DAVE THE DIVER (17 074)
Szczerze? Mocno czekałem na tę grę, bo jeszcze przed premierą słyszałem o niej sporo dobrego. Nie spodziewałem się jednak, że będzie cieszyła się aż tak dużym zainteresowaniem - i to rok po premierze! Prawdziwy hit od Mintrocket, który stanowi definicję świetnego połączenia mechanik roguelike’owych z odprężającym elementami symulacji. Jeśli wciąż nie graliście, to zdecydowanie polecam nadrobić!

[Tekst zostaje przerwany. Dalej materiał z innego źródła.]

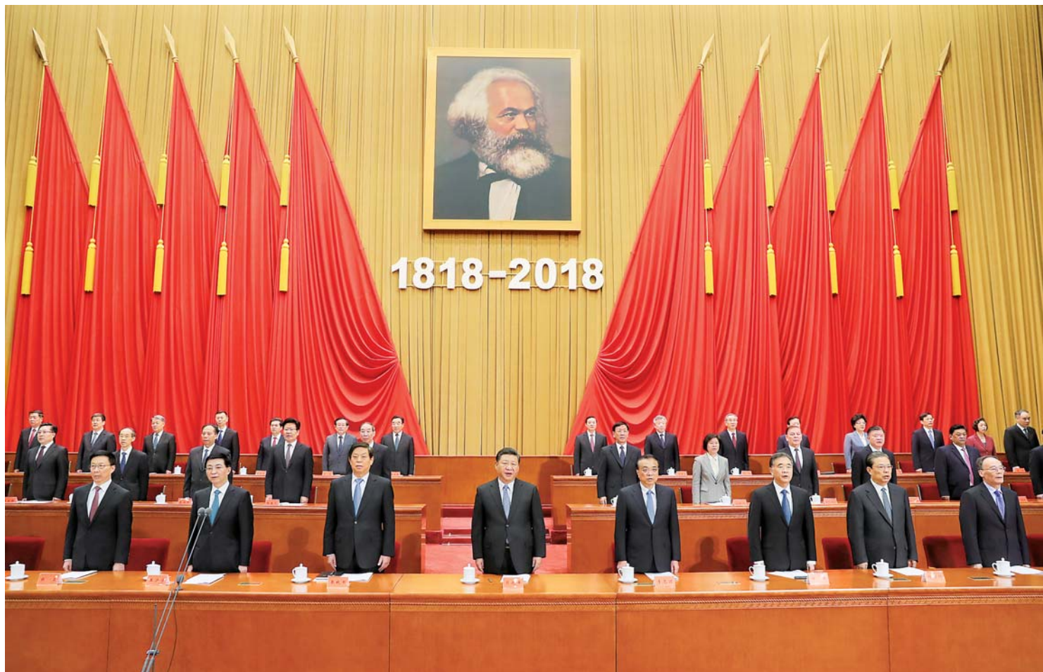
▲5月4日,纪念马克思诞辰200周年大会在北京人民大会堂隆重举行。习近平、李克强、栗战书、汪洋、王沪宁、赵乐际、韩正、王岐山等出席大会。

新华社北京5月4日电(记者张晓松、黄小希)纪念马克思诞辰200周年大会4日上午在北京人民大会堂隆重举行。中共中央总书记、国家主席、中央军委主席习近平在会上发表重要讲话强调,我们纪念马克思,是为了向人类历史上最伟大的思想家致敬,也是为了宣示我们对马克思主义科学真理的坚定信念。马克思主义始终是我们党和国家的指导思想,是我们认识世界、把握规律、追求真理、改造世界的强大思想武器。新时代,中国共产党人仍然要学习马克思,学习和实践马克思主义,高扬马克思主义伟大旗帜,不断从中汲取科学智慧和理论力量,更有定力、更有自信、更有智慧地坚持和发展新时代中国特色社会主义,让马克思、恩格斯设想的人类社会美好前景不断在中国大地上生动展现出来。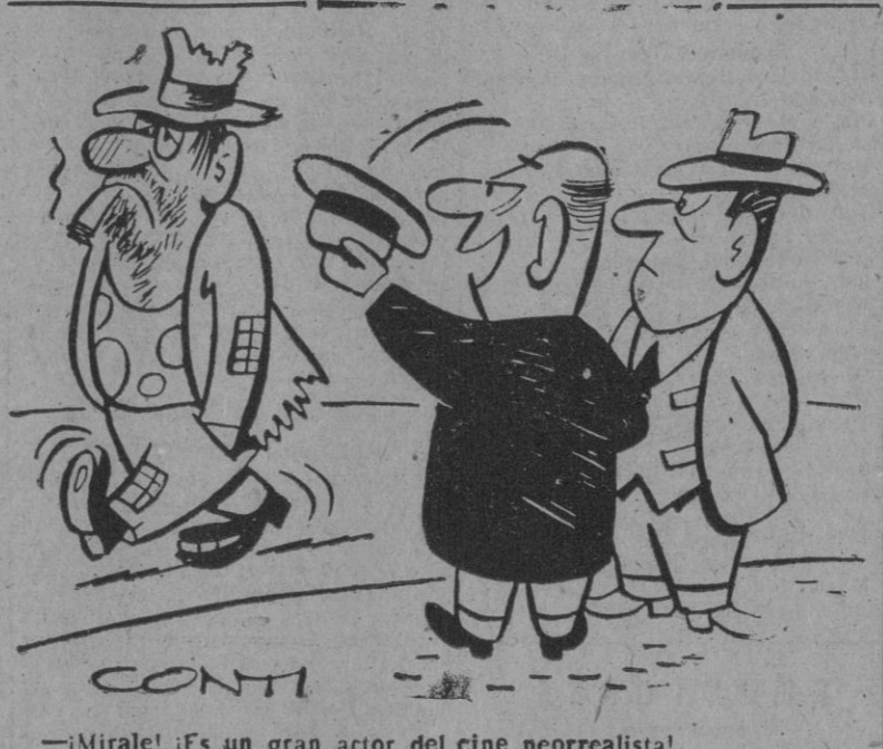
—¡Mirale! ¡Es un gran actor del cine neorrealista!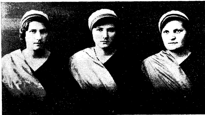
Korp. Lembela presiidium.

ei tohtinud puududa, oli ta orgmata või orgitud. Nood ajad kujundasid naisüliõpilase, eriti naiskorporandi tüübi, milline kahjuks tänapäevani on jäänud püsima nii kirjandusse kui ka ta-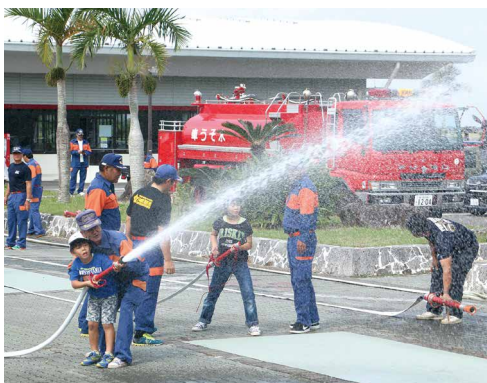
消防団員の皆さんと放水体験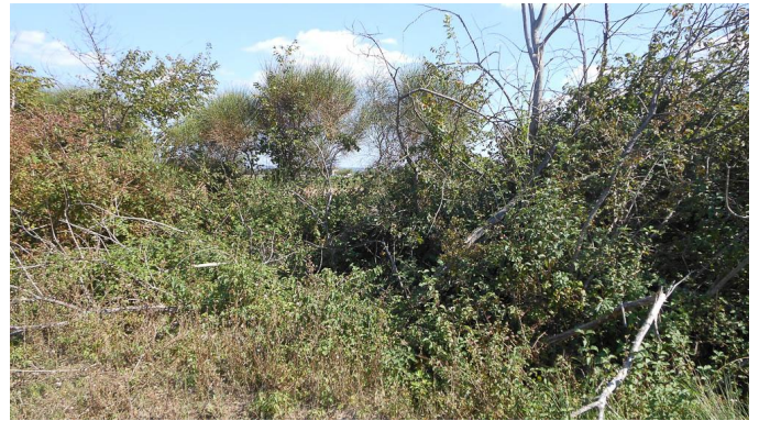
Ripisylve en mauvais état.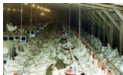
تصویر ۱۱-۴- انواع لانه تخم‌گذاری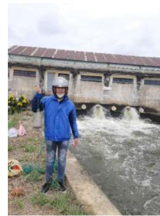
Hình 6. Trạm bơm Từ Cầu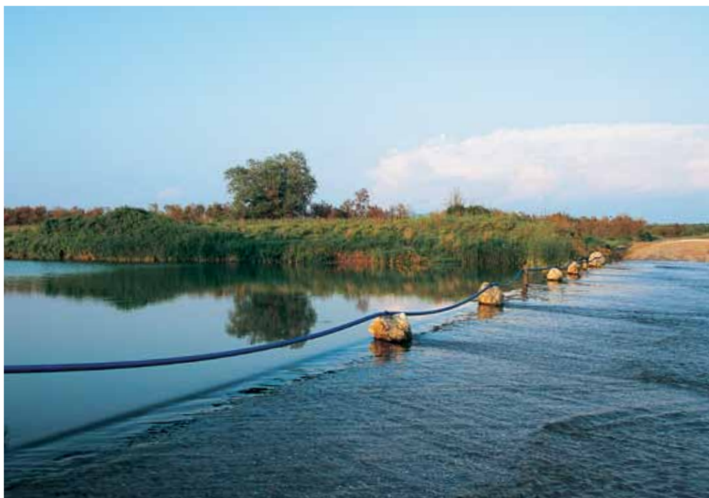
Η κοίτη του Λίσσου ποταμού, χωρίς γέφυρα και με άφθονο νερό. Οι τελευταίες ακτίνες καθρεφτίζονται στα νερά του υγροτόπου του Προφήτη Ηλία.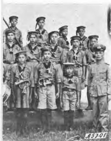
delle organizzazioni nazionali.

Cambiare nome è un po' nella tradizione del popolo. Quante volte, ai bambini si appiccica un nome che ricorda una circostanza della nascita (per esempio: «quando pioveva»), oppure una qualità fisica (come «macchia sulla fronte») ecc. Tutti i bambini poi, nel linguaggio familiare sono chiamati col vezzeggiativo comune di «topolino».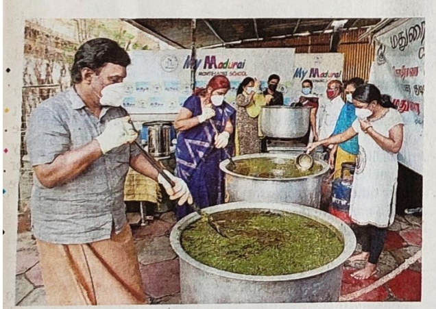
A couple from TVS Nagar help Madurai Corporation in preparing 'kabasura kudineer' everyday.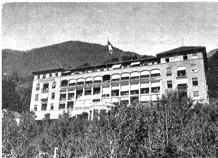
Die Konferenz in Locarno.

Hotel Eiplanade in Locarno, das Quartier der deutschen Delegation.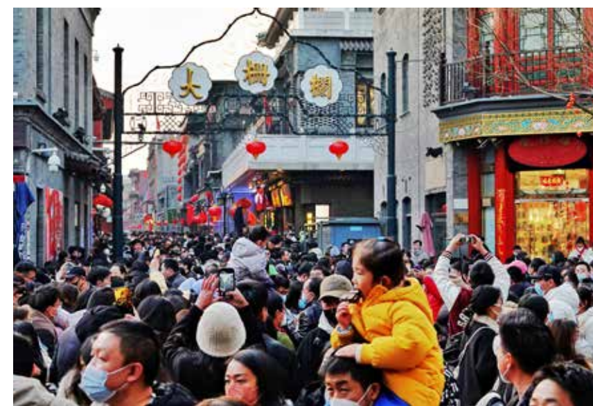
过大年(组照)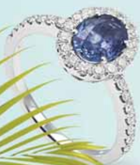
Alberti, 3 300 €

Doprajte si nádych tropickej dovolenky v klenotníctve SHERON. Nápadné palmy, syté ibištekové kvety, výrazné farby, akými sú pomarančovo-oranžová, kiwi zelená, žiarivo azúrovo-modrá či fuchsiovo-ružová vládnu v tropickej džungli plnej exotických živočíchov a rastlín. Nechajte sa vtiahnuť do pralesa, ktorý žiari všetkými odtieňmi zelenej!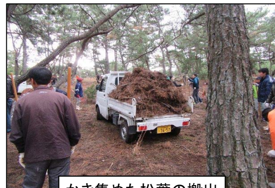
かき集めた松葉の搬出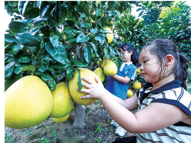
市民带孩子入园采摘柚子

近年来,我市把发展农业特色产业作为深入推进“百千万工程”的重要举措,立足湿地公园资源丰富、土壤肥沃、光照充足、气候适宜等优势,大力发展三红蜜柚、台湾蜜枣等特色水果种植产业,为群众拓宽增收致富途径。石狮湿地公园三红蜜柚种植基地通过科学管理,引进先进修枝、病虫害防治等栽培技术,因地制宜发展生态柚子产业,为乡村振兴注入强劲动力。(记者 兰良增 颜华杰)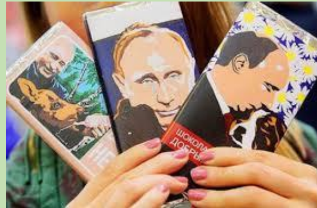
En Russie, portrait de Poutine sur l'emballage des paquets de chocolats

https://cathyyoung.wordpress.com/2006/02/20/russia-everything-old-is-new-again/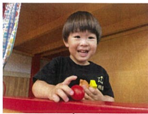
コロコロの車が回るよ!! ねてておこる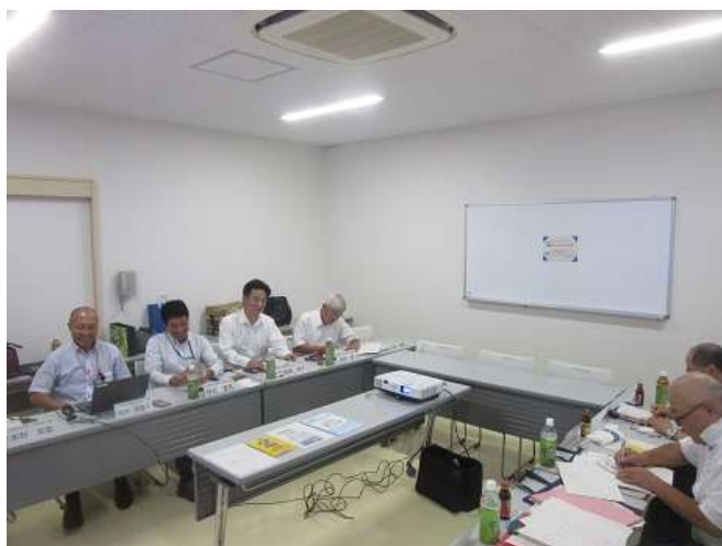
環境コミュニケーション実施状況1

環境コミュニケーションを受け「環境・安全対策に力を入れていることが分かりとても安心した」との参加者の声がありました。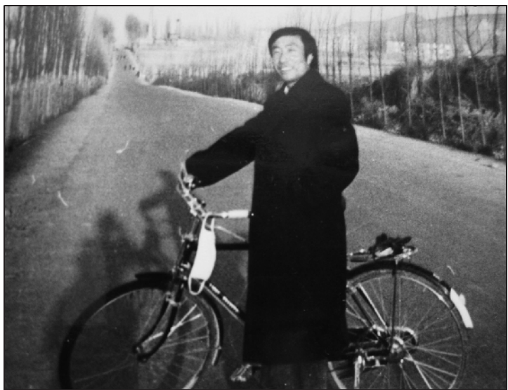
拥有了一辆心爱的凤凰牌自行车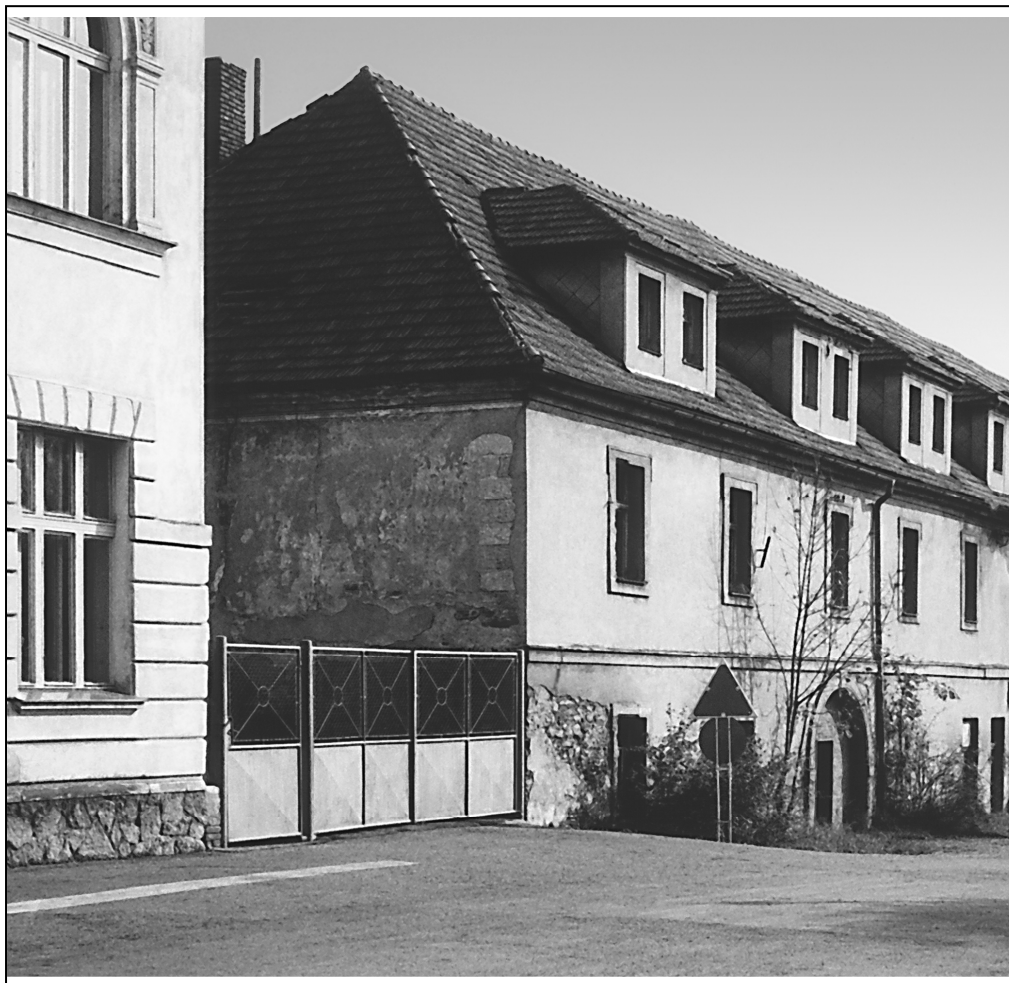
Zaniklý hotel U Českého lva – čp. 9, zbourán v letech 1987/1988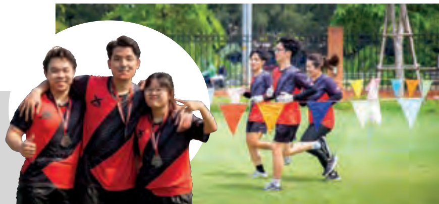
Giải chạy thể thao X-Run

Cùng tìm hiểu về cuộc sống sinh viên đầy sôi động tại RMIT qua những sự kiện nổi bật dưới đây.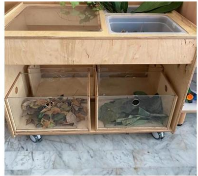
Scuola dell'Infanzia Armando Diaz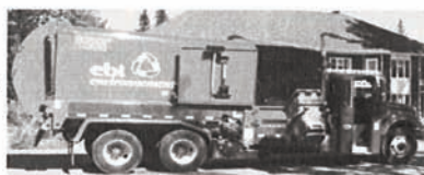
Camions adaptés aux différentes collectes des matières résiduelles

Reduction Recyclage Réutilisation Récupération Valorisation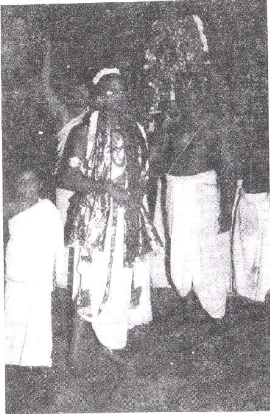
ப்ரம்மோத்சவ வைபவத்தில் ஸ்ரீ திருமங்கை ஆழ்வார் உத்சவத்தன்று ஒரு காட்சி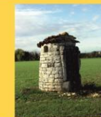
16 - Puits monplaisir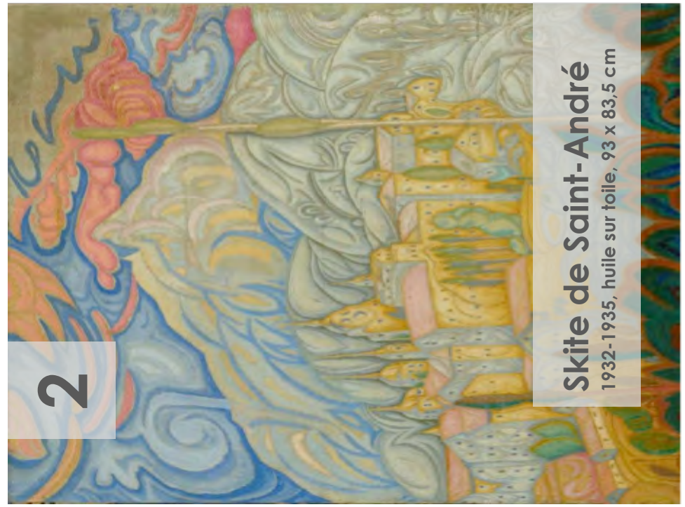
skite de Saint-André 1932-1935, huile sur toile, 93 x 83,5 cm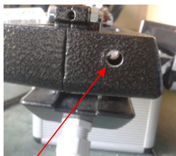
Percer un trou de 6mm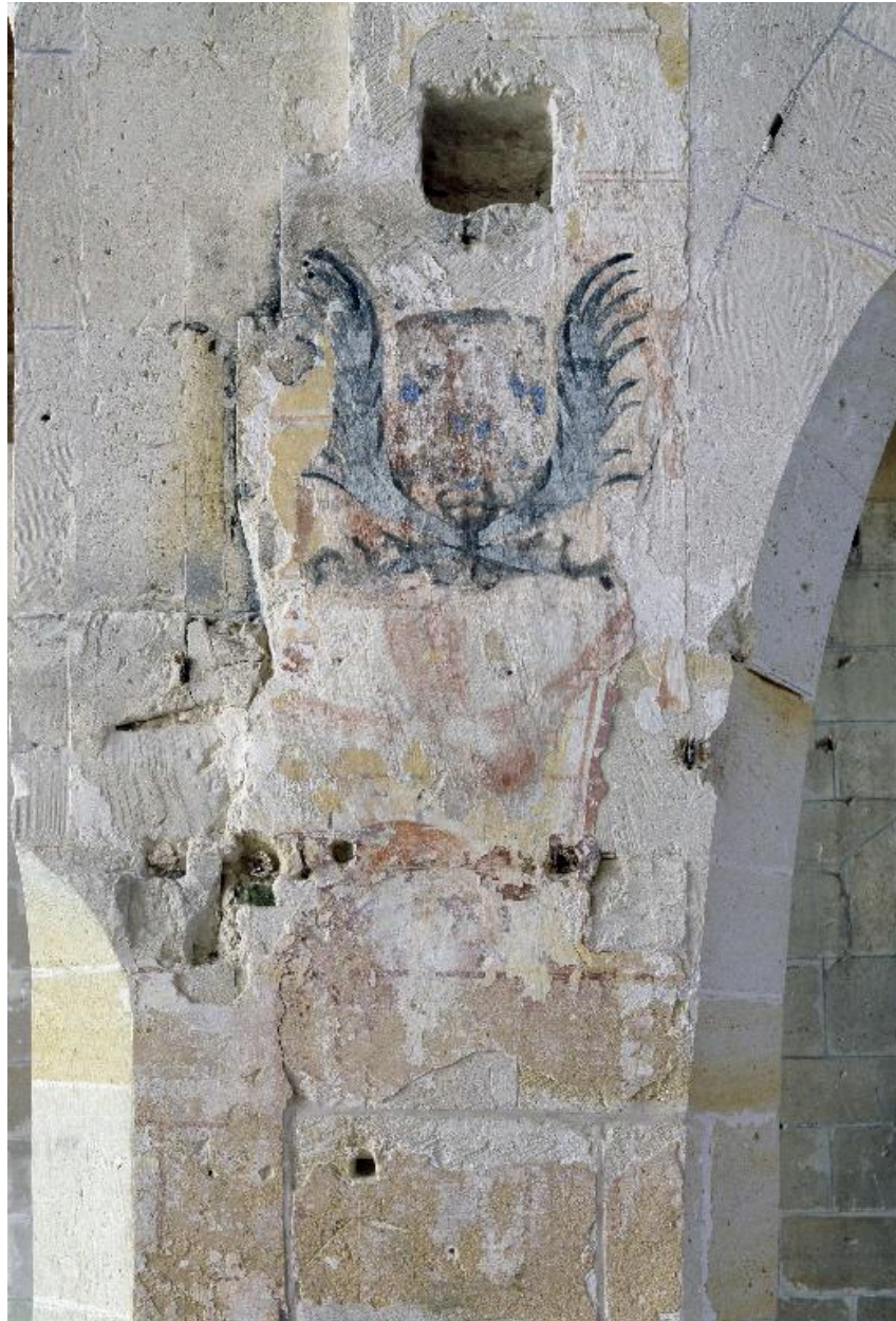
Vue de l'ensemble du décor peint subsistant.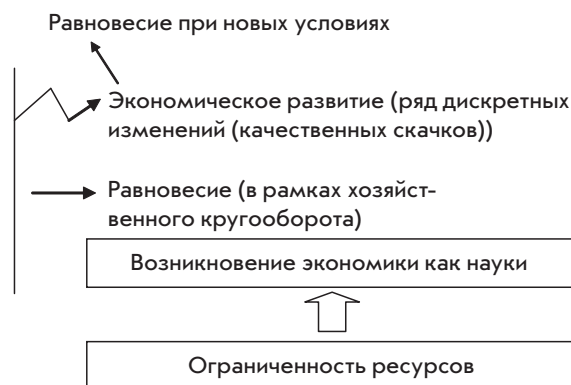
Рис. 1. Возникновение и суть экономической науки

Обобщить вышесказанное можно при помощи схемы, показанной на рис. 1.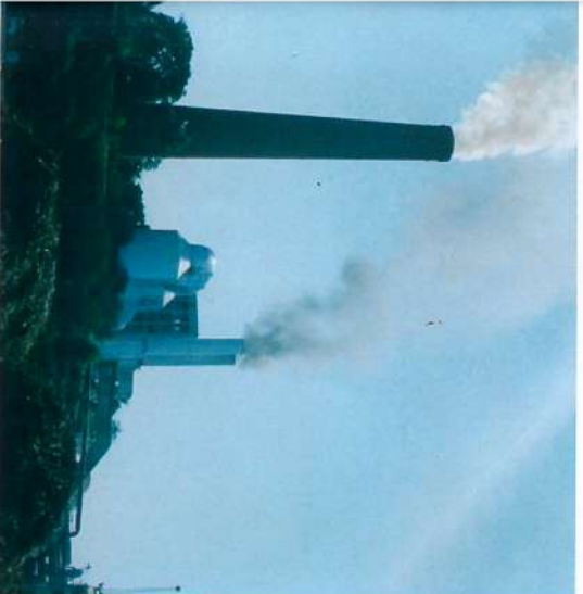
■ Instalação de Sistema de Eliminação das Partículas dos Gases das Caldeiras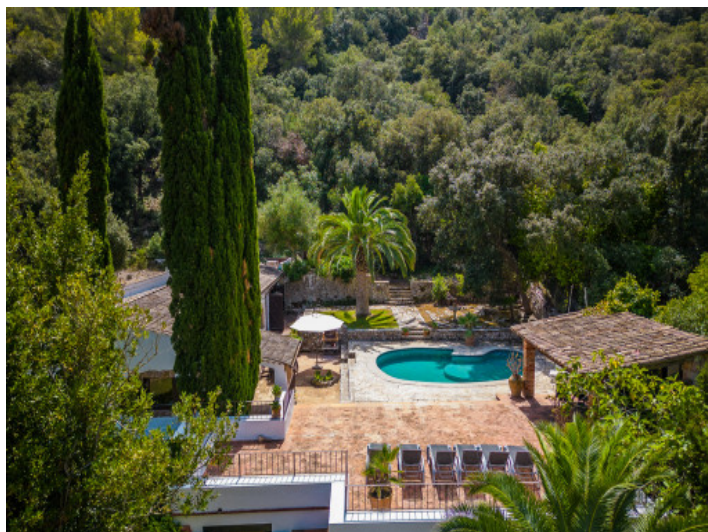
Zona de piscina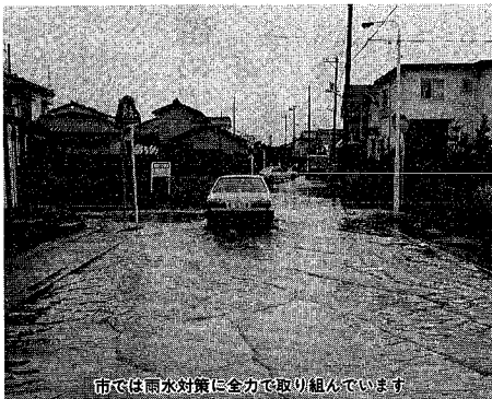
市では雨水対策に全力で取り組んでいます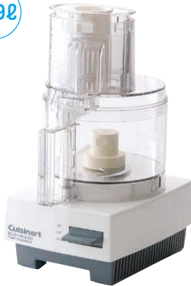
③ DLC-10PRO 〈CKI-15〉 9-0643-0301 ¥48,000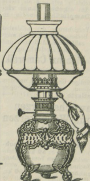
Tischlampe mit Brillant-Meteorbrenner.

Alle Glas-Erfordernisse für Petroleumlampen in reichster Auswahl.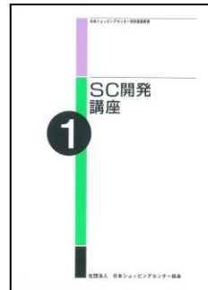
旧テキスト(デザイン)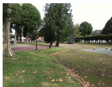
La partie est du jardin public.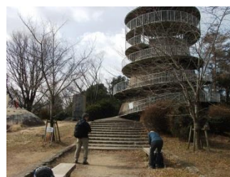
8.ほどなく日の丸展望台に到着。

The Binding of Isaac: Rebirth (20 181)
Co tu dużo mówić… Gdy w produkcji, która debiutowała przed dekadą, na serwerach w jednym momencie przebywa ponad 20 tysięcy osób, to nie można o niej pisać inaczej, niż jak o gigantycznym sukcesie. Zresztą, sama marka cieszy się ogromną popularnością niemal cały czas, a twórcy nieustannie starają się rozwijać samo uniwersum. Banalne schematy, ale bardzo niebanalny pomysł.
Terraria (41 952)
I kolejna pozycja, która mimo swojej leciwości (debiut miał miejsce jeszcze w 2011 roku) może pochwalić się gigantyczną popularnością. Dla jednych “Minecraft w 2D”, a dla innych masa wspomnień z dzieciństwa, niemal niekończące się możliwości i po prostu kawał solidnej gry z piękną oprawą graficzną. Co więcej, obecnie produkcja jest do wyrwania za grosze, a dzięki modyfikacjom ciągle jest tam co robić!
Stardew Valley (116 885)
A na tronie… Czy ktoś jest zaskoczony? Stardew Valley już w momencie debiutu podbiło serca graczy na całym świecie, błyskawicznie zaskarbiając sobie sympatię największych fanów symulatorów farmy. Z czasem projekt nabierał kolorów, a Eric Barone, który tworzył grę w pojedynkę, nieprzerwanie dorzucał nowe elementy. Dziś, z finalną aktualizacją za nami, mamy przed sobą ogromny projekt na setki godzin.